__/ [Karel "de Jazz" Jansens] on Monday 17 October 2005 15:16 \__
> Roy Schestowitz wrote:
>> Some of you have possibly heard about the Nokia 770. For those who
>> The Finnish mobile firm had originally expected the Tablet,
>> which runs on Linux-based software, to enter the market be-
>> fore the end of September.
>> I personally use a Palm and I was deeply disappointed with the move which
>> had the Treo run Pocket PC. Palm were committed to Linux for quite some
>> time, but were recently taken over by a Japanese giant, so the future is
>> uncertain and past promises or planned strategies should now be taken
>> with a grain of salt.
> PalmOS has indeed been acquired by Access, best known to the public for
> their rather good Netfront mobile browser, but that company had been
> spun off Palm long before this transaction.
> Palm themselves are still working on version 6 of their operating
> system, which will indeed run atop a customized Linux kernel. Whether it
> will be any good, is another question...
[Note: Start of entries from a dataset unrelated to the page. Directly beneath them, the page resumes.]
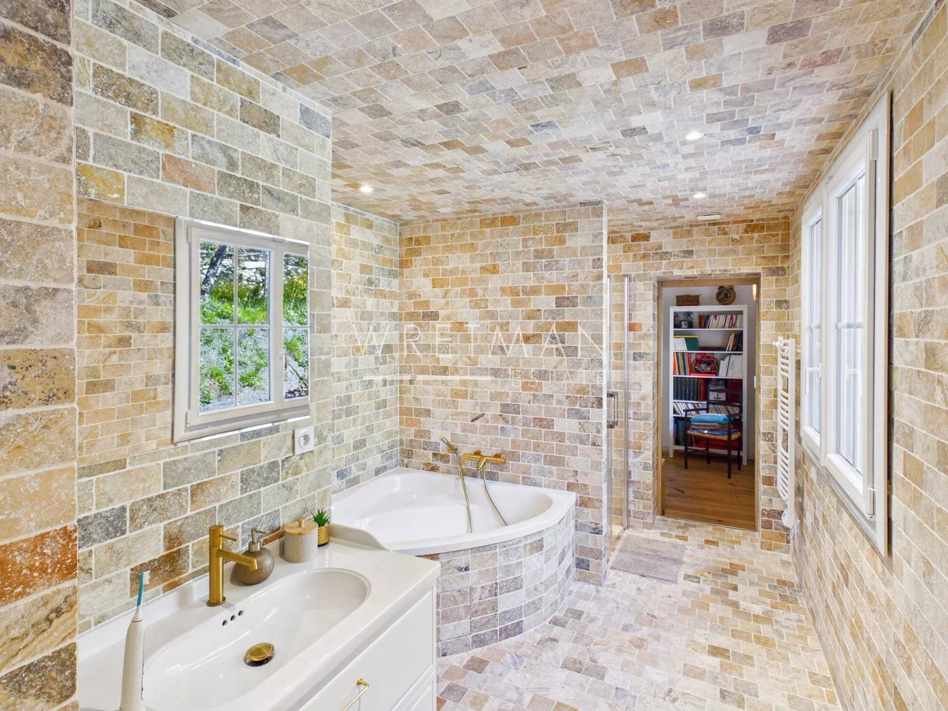 Outside is a lovely gated swimming pool, pool-house with lounging area, a south facing garden with several sunny terraces, a fabulous garage with electric doors and internal access to the house and a double carport. The property is fenced, secure and has electric gates.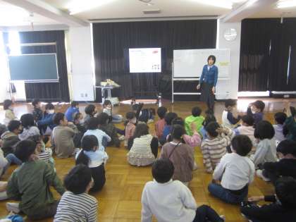 学年集会を開きました。これまで、どんなクラスにしたいのか、どんな学校生活にしたいか話し合ってきたことをスライドにまとめ、みんなで改めて共通理解をしました。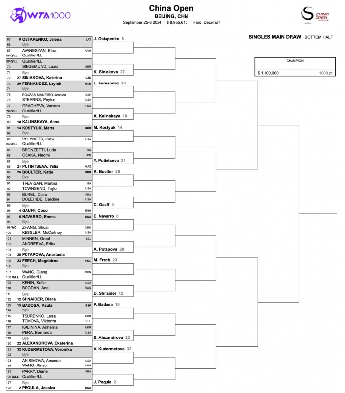 Номер 1 в схемата е Арина Сабаленка, а номер 2 Джесика Пегула.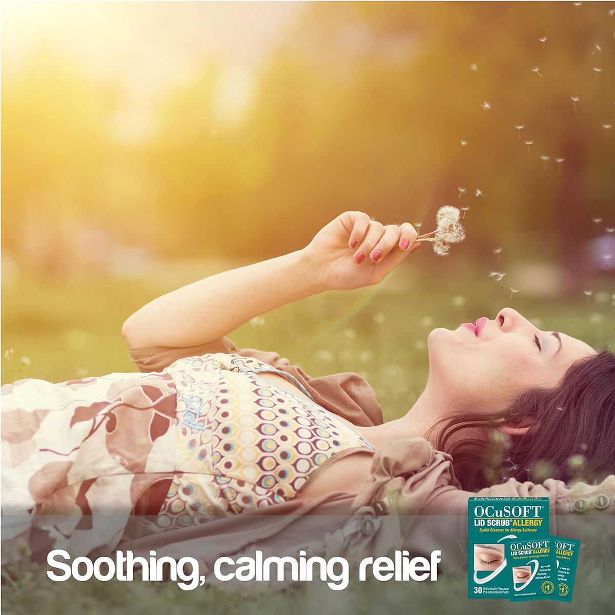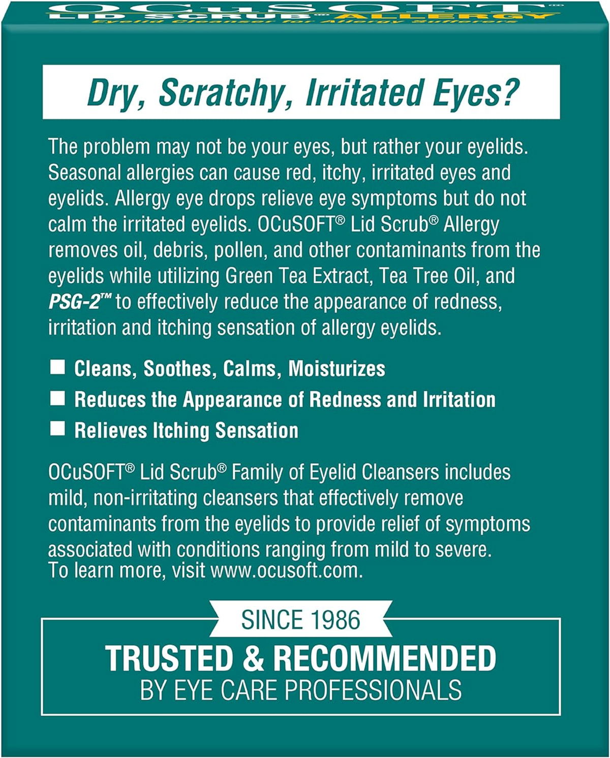 El limpiador de párpados OCuSOFT Lid Scrub Allergy es una fórmula sin enjuague que elimina aceite, residuos, polen y otros contaminantes de los párpados mientras utiliza extracto de té verde, aceite de árbol de té y PHNG-2 (fitosfingosina) para calmar el alivio de los párpados alérgicos.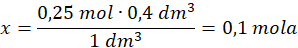 x moli – 0,4 dm3

No cobalt then, I presume. Operation was scraped as expected and somebody
told me that a big peril was the re-implementation of merely any basic app
to accommodate for that type of change.
I am glad to at least hear that the Linux kernel intentions have actualised.
> As for the Treo running WinCE (I still like to call it that, lest people
> forget the calamity it came from) ...
Some says its pronouciation made somewhat of a prediction.
> ... , Palm finally discovered you cannot
> make a decent smartphone with anything but a multitasking OS -- even a
> crappy one. The WinCE-Treo should be seen as a stopgap measure to
> prevent too much market loss until PalmOS 6 is -- finally -- ready.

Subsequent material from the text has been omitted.